WHAT YOU SHOULD DO: Below are entries with pictures among them; reproduce exactly, and only, the lines from the one containing "하지만 리테일 채널은" down to the one containing "Logitech M100 - Mus", without the pictures.

Records drawn from a dataset
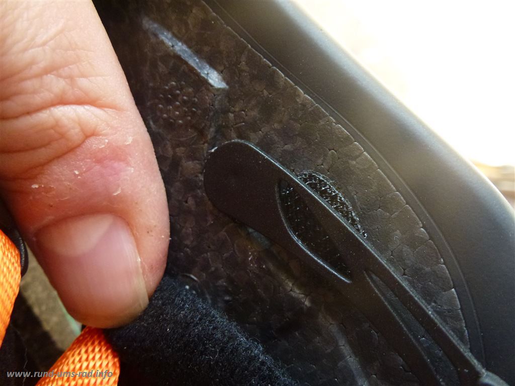 Hier wurde das Pad leider unter die Halterung im Bereich des Tri-Fit Verstellsystems angeklebt und kann somit die Auspolsterung nicht fixieren.
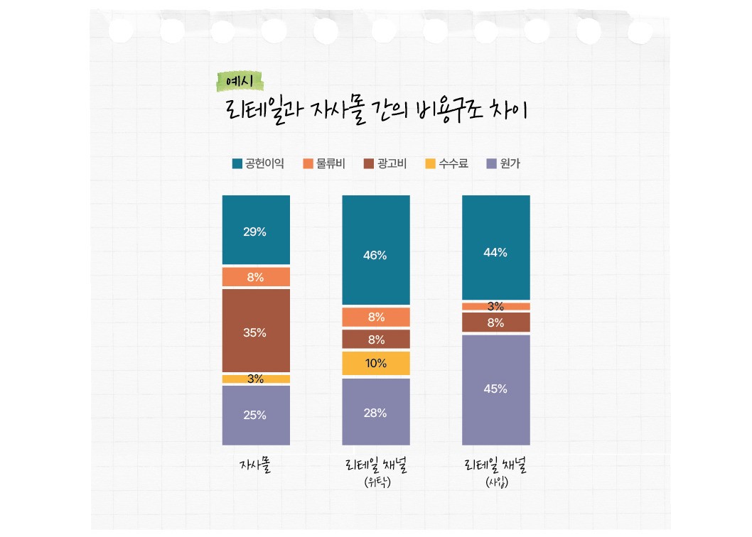 하지만 리테일 채널은 자사몰과 다르게 광고비가 그리 많이 필요하지 않습니다. 대신 채널 수수료라는 것이 존재합니다. 주문이 발생할 때마다 리테일 채널에서 일정 비율의 수수료를 걷어갑니다. 수수료율은 주문금액의 8~11%, 조건에 따라서는 30~50%까지 다양합니다. 이런 차이 때문에 채널 간 비용 구조가 달라집니다. 자사몰에서는 광고비를 지불해 매출을 내고, 리테일 채널에서는 광고비 대신 수수료를 지불하는 것이지요.
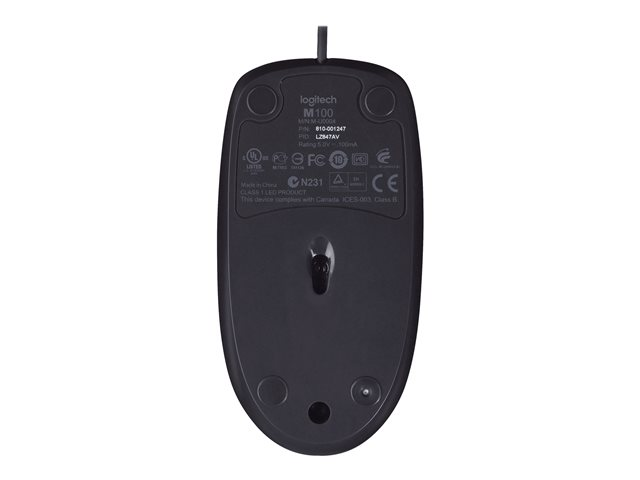 Logitech M100 - Mus - fullstorlek - höger- och vänsterhänta - optisk - 3 knappar - kabelansluten - USB - svart
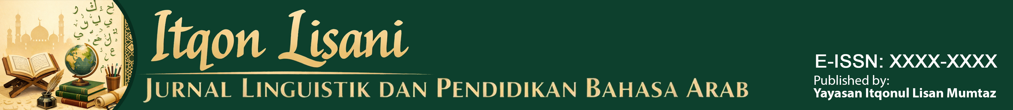 Itqon Lisani: Jurnal Linguistik dan Pendidikan Bahasa Arab is a peer-reviewed academic journal focusing on Arabic linguistics and Arabic language education E-ISSN: XXXX-XXXX. The journal is published by Yayasan Itqonul Lisan Mumtaz and professionally managed by an editorial board consisting of scholars from multiple higher education institutions. The journal aims to disseminate high-quality research findings, conceptual studies, and critical analyses that contribute to the advancement of Arabic linguistics and Arabic language pedagogy at national and international levels. Itqon Lisani is published three times a year and welcomes original manuscripts written in Arabic or English, addressing contemporary issues, theoretical developments, and practical applications in Arabic linguistics and Arabic language education.
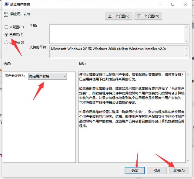 3、选择启用并“隐藏用户安装”,电脑就不会自动下载乱七八糟的软件了。
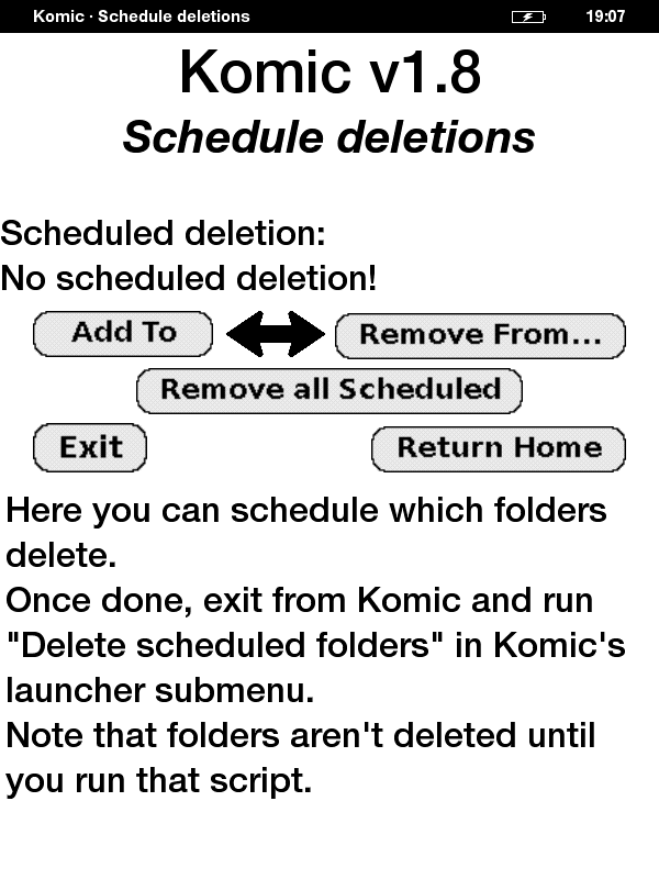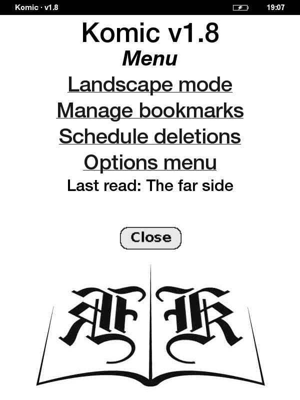 What's new: - buttons (thanks to Titano. BTW, I prefer first set of buttons. I'll add them to v1.8 but I'll link also second set so users can choose) - options menu with autosave and autojump + iphone ( ) style on-off switches- some code improvements - minor UI improvements - lots of "under-the-hood" fixes and improvements in ancillaries script (rename, delete and CBZ/CBR decompress) I'll release this new version by the end of July. I'm still trying to bring back pinch-to-zoom... My plan is to end the development with v2.0: it will add (in my dreams) image post processing (contrast/brightness) to make colour comics readable. Next, I'll take my time to convert Komic to a kindlet...(but I hope Amazon improves Image Viewer in the meanwhile!) |

SOLUTION TO THIS TASK:
 하지만 리테일 채널은 자사몰과 다르게 광고비가 그리 많이 필요하지 않습니다. 대신 채널 수수료라는 것이 존재합니다. 주문이 발생할 때마다 리테일 채널에서 일정 비율의 수수료를 걷어갑니다. 수수료율은 주문금액의 8~11%, 조건에 따라서는 30~50%까지 다양합니다. 이런 차이 때문에 채널 간 비용 구조가 달라집니다. 자사몰에서는 광고비를 지불해 매출을 내고, 리테일 채널에서는 광고비 대신 수수료를 지불하는 것이지요.
 Logitech M100 - Mus - fullstorlek - höger- och vänsterhänta - optisk - 3 knappar - kabelansluten - USB - svart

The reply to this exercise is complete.